EXERCISE DIRECTIONS
Transcribe only the part of the material below that begins at the line containing "3月7日(火)③ 外国語活動の授業(2年生) 投稿日時" and ends at the line containing "Some Peplink routers", with both kept and images left out.

DATASET ENTRIES
####

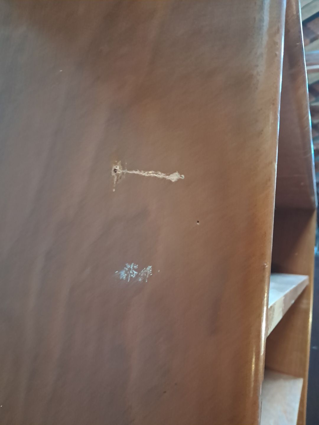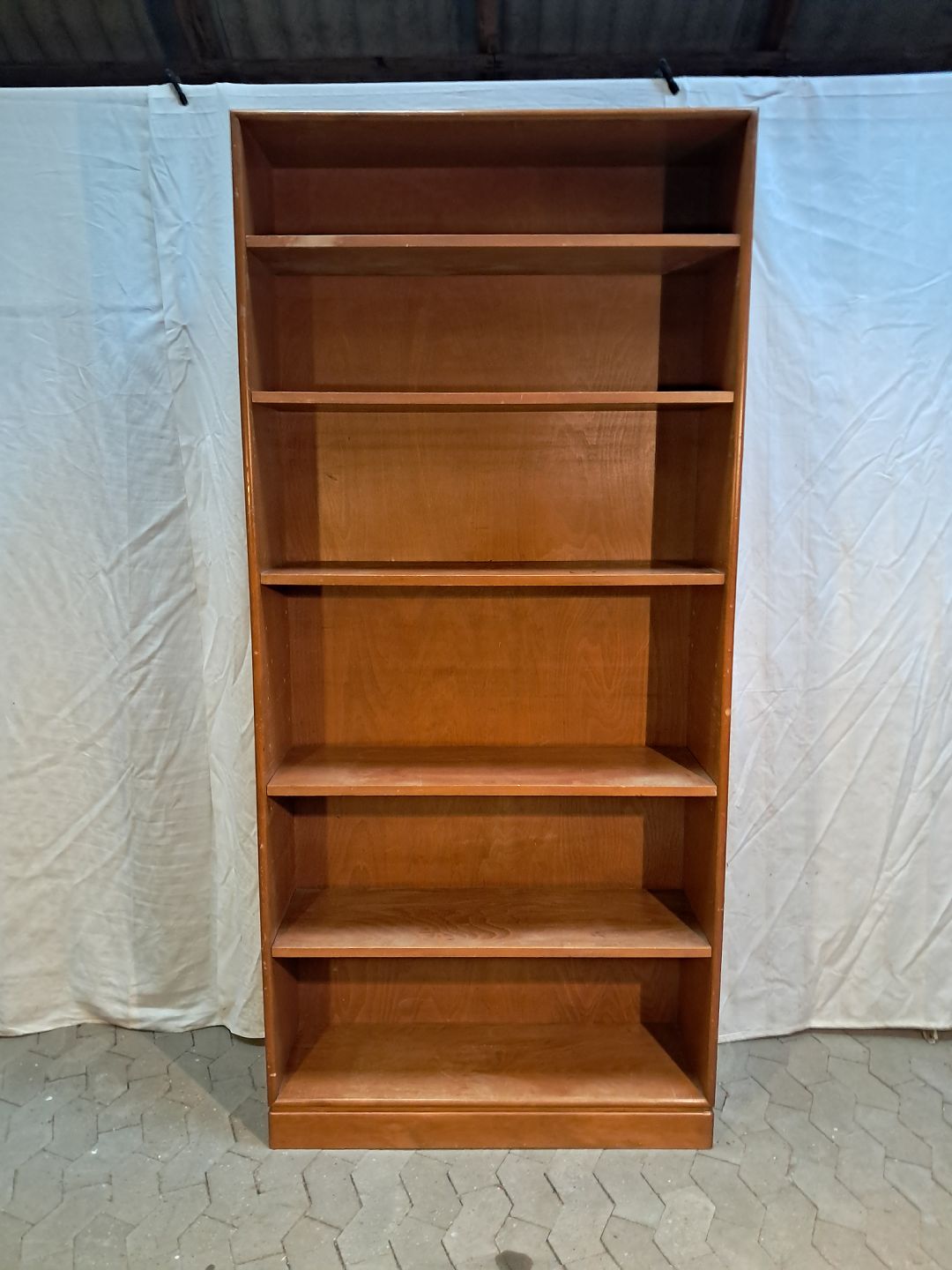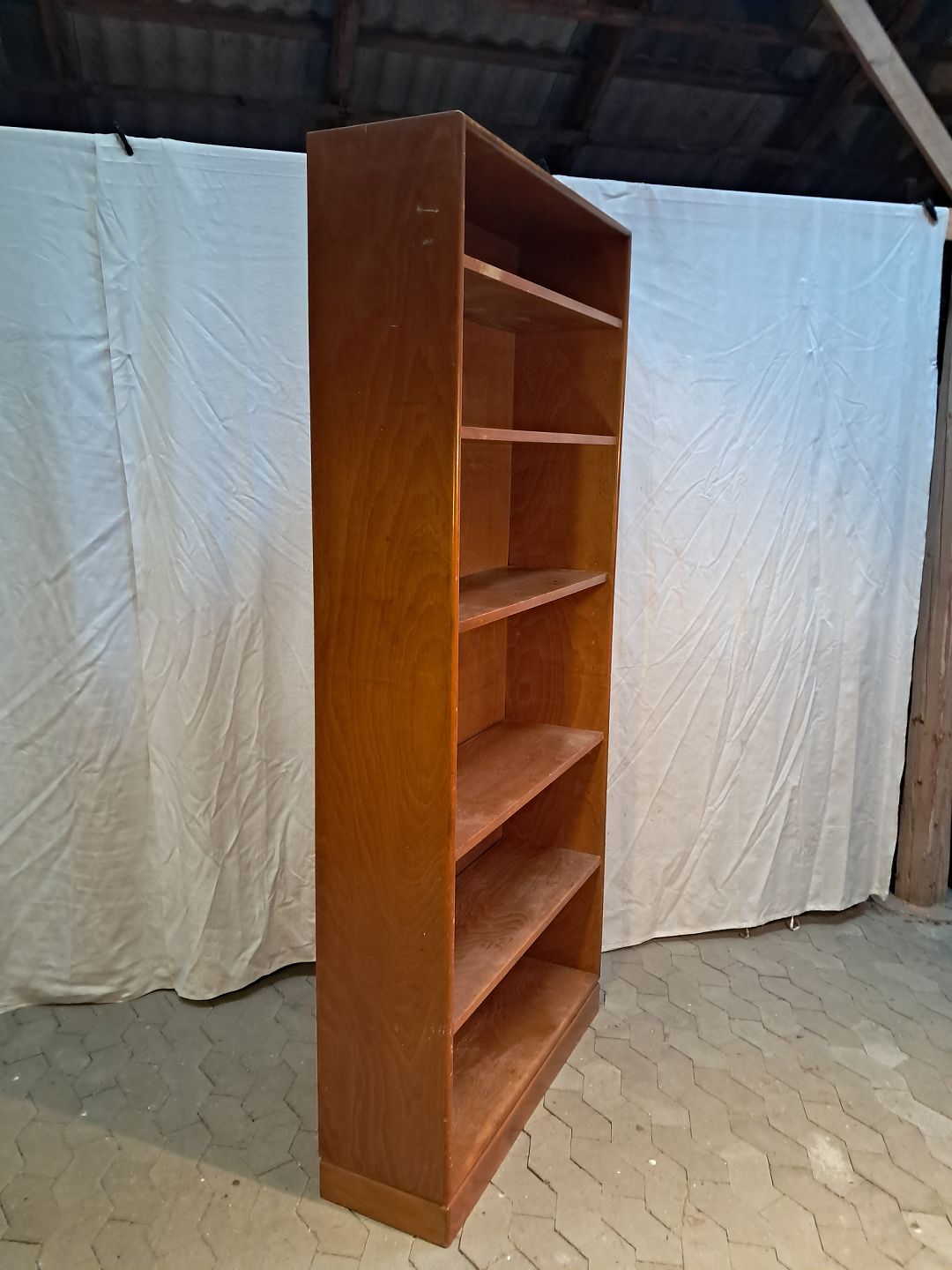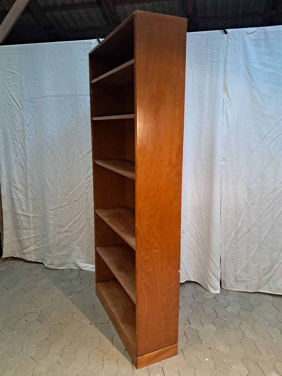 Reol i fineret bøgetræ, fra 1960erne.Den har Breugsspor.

####

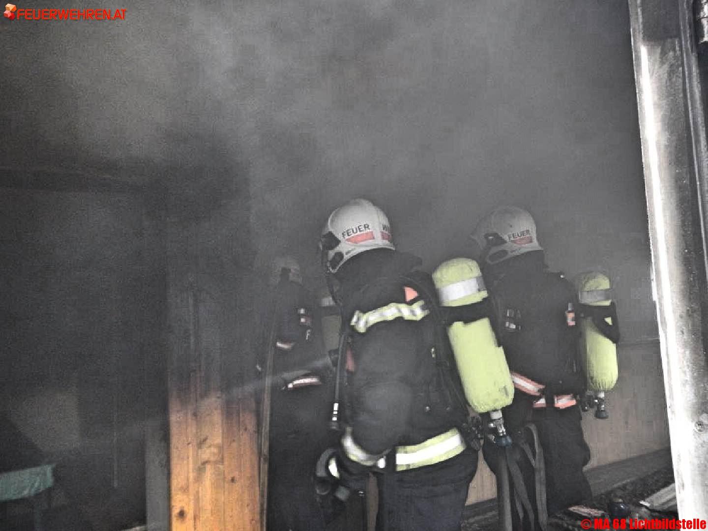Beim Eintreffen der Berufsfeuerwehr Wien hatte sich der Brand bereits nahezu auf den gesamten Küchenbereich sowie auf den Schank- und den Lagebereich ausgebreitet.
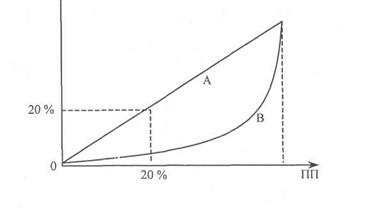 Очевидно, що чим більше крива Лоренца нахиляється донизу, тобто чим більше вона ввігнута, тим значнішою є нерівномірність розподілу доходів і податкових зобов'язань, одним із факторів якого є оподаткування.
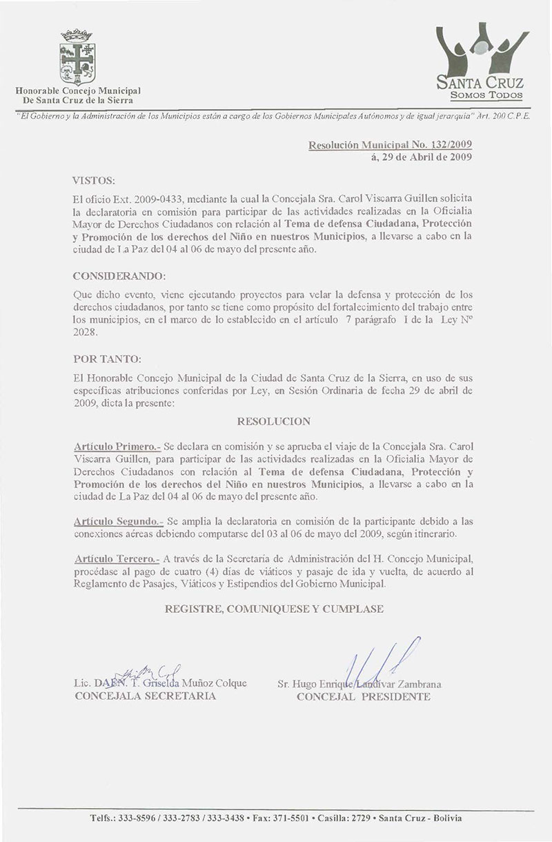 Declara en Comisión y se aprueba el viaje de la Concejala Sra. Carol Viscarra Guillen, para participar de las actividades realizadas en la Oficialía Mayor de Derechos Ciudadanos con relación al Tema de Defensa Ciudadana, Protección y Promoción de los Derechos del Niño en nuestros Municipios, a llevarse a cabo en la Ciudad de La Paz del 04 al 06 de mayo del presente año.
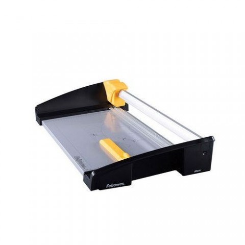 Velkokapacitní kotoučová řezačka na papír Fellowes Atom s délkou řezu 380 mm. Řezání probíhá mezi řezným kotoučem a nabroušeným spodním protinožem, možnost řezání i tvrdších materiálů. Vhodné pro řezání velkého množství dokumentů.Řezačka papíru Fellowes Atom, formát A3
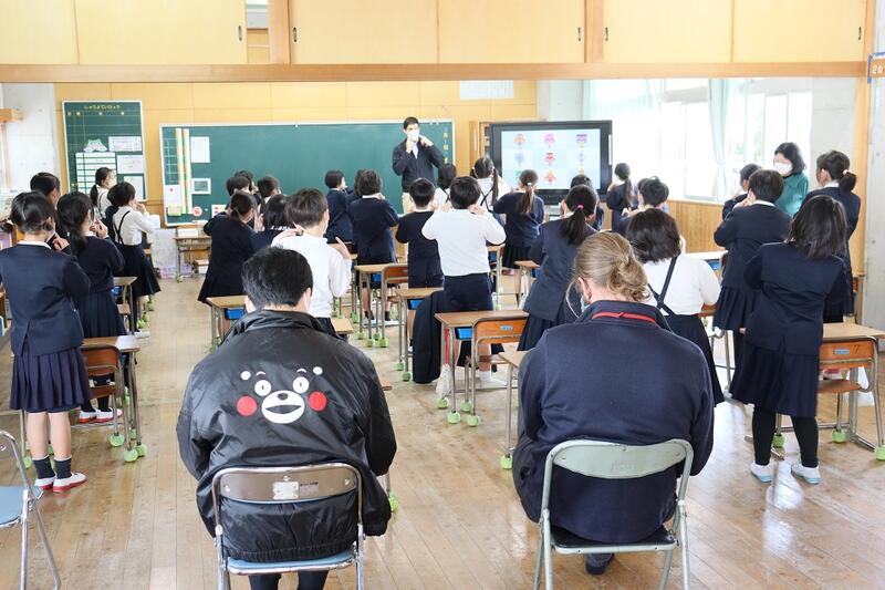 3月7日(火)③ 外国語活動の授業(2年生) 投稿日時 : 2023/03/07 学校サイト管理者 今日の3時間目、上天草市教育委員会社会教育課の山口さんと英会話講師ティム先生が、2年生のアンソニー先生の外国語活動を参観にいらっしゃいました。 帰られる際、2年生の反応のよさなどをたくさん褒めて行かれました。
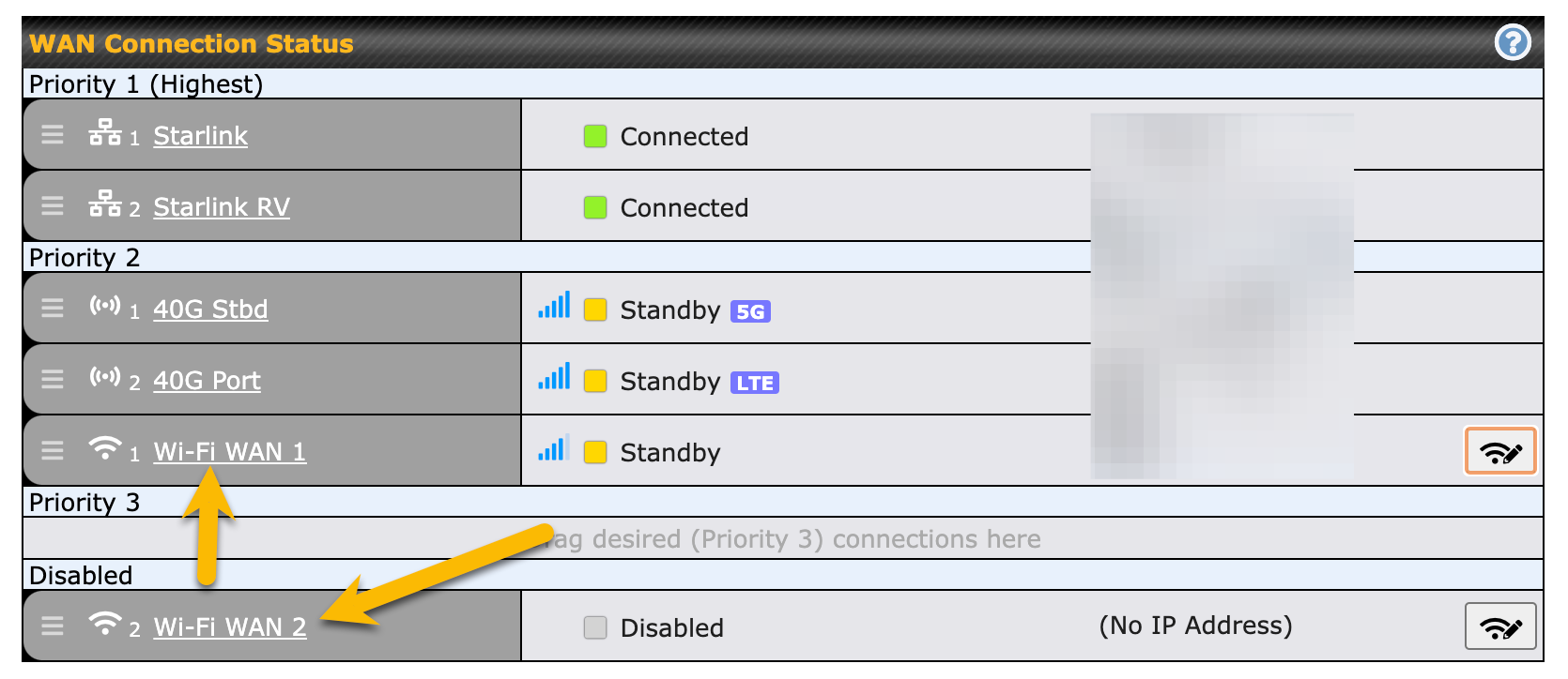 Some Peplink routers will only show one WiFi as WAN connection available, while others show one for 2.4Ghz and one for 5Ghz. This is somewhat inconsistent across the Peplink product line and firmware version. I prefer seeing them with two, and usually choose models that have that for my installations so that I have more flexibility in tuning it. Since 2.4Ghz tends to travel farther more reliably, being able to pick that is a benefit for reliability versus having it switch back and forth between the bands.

####

FINISHED EXERCISE
 3月7日(火)③ 外国語活動の授業(2年生) 投稿日時 : 2023/03/07 学校サイト管理者 今日の3時間目、上天草市教育委員会社会教育課の山口さんと英会話講師ティム先生が、2年生のアンソニー先生の外国語活動を参観にいらっしゃいました。 帰られる際、2年生の反応のよさなどをたくさん褒めて行かれました。
 Some Peplink routers will only show one WiFi as WAN connection available, while others show one for 2.4Ghz and one for 5Ghz. This is somewhat inconsistent across the Peplink product line and firmware version. I prefer seeing them with two, and usually choose models that have that for my installations so that I have more flexibility in tuning it. Since 2.4Ghz tends to travel farther more reliably, being able to pick that is a benefit for reliability versus having it switch back and forth between the bands.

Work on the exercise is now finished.